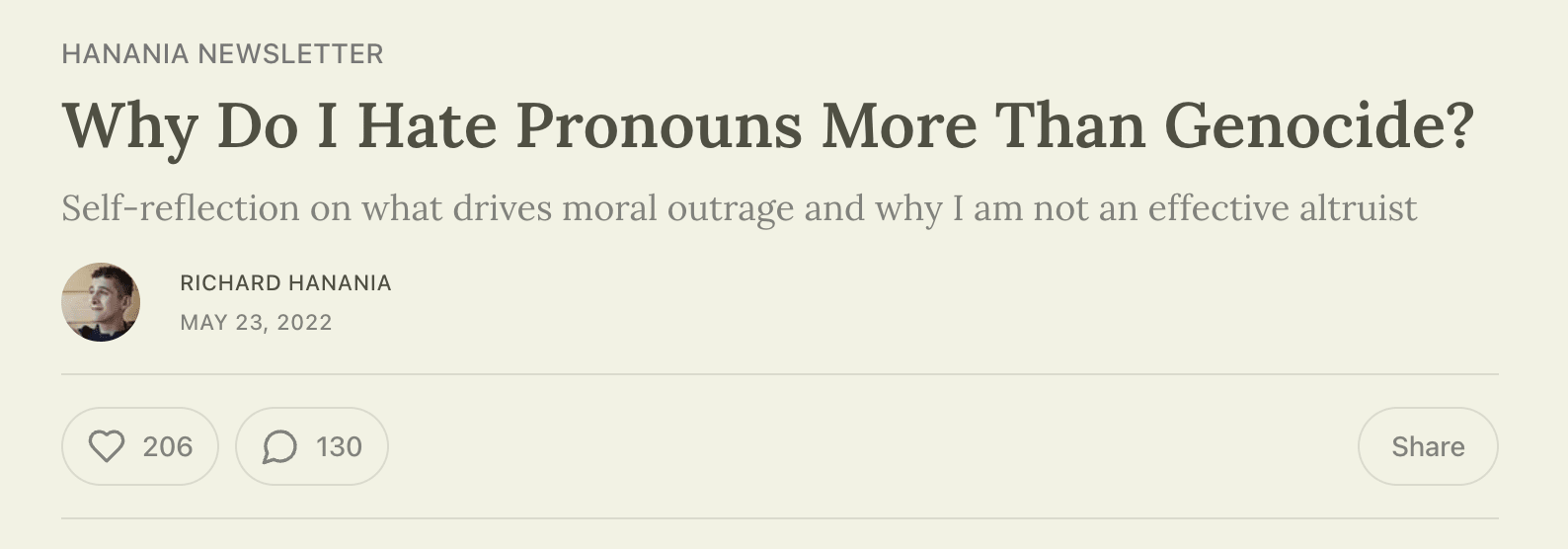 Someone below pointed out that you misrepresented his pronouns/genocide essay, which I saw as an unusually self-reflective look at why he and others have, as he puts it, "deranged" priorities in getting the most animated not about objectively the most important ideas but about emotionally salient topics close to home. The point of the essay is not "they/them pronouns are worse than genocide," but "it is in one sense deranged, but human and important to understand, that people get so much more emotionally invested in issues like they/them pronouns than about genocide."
==
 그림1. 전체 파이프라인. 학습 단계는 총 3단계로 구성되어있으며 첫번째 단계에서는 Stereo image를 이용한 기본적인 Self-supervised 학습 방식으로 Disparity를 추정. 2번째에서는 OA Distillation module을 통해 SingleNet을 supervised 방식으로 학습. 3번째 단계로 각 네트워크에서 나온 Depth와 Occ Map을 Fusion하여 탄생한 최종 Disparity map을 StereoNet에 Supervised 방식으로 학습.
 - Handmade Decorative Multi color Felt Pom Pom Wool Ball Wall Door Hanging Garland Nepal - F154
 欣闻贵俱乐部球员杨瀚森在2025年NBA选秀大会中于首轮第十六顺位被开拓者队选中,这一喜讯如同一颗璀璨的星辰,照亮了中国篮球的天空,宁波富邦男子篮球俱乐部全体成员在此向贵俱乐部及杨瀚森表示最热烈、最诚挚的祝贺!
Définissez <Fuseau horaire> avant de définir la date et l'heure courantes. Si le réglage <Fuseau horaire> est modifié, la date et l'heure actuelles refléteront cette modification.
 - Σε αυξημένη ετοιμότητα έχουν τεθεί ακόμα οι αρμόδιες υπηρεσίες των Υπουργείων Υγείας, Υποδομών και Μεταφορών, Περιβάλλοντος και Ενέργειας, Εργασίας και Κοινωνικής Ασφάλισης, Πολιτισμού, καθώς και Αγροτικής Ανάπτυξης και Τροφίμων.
...
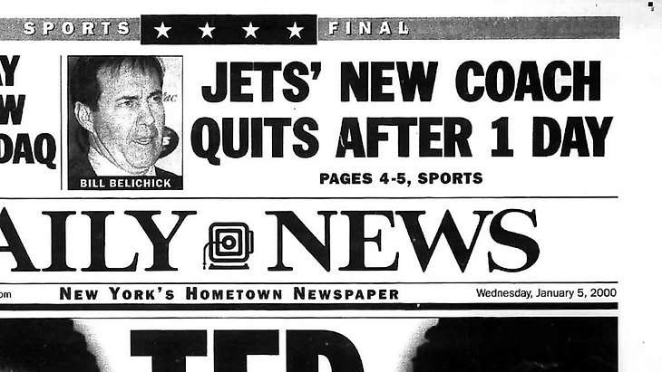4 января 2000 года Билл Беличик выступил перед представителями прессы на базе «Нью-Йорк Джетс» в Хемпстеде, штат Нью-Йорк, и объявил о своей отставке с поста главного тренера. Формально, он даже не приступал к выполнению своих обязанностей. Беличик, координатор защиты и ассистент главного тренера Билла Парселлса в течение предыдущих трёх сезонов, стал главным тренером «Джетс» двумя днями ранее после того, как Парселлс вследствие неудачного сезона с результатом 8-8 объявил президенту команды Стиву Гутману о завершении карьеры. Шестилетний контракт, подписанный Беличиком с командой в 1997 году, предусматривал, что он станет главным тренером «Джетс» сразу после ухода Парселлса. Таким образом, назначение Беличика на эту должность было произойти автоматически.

[Goal of the exercise] With the line that has "Définissez <Fuseau horaire>" as the first and the line that has "- Σε αυξημένη" as the last, repeat exactly that run of lines above and no more.

[Answer for this exercise]
Définissez <Fuseau horaire> avant de définir la date et l'heure courantes. Si le réglage <Fuseau horaire> est modifié, la date et l'heure actuelles refléteront cette modification.
 - Σε αυξημένη ετοιμότητα έχουν τεθεί ακόμα οι αρμόδιες υπηρεσίες των Υπουργείων Υγείας, Υποδομών και Μεταφορών, Περιβάλλοντος και Ενέργειας, Εργασίας και Κοινωνικής Ασφάλισης, Πολιτισμού, καθώς και Αγροτικής Ανάπτυξης και Τροφίμων.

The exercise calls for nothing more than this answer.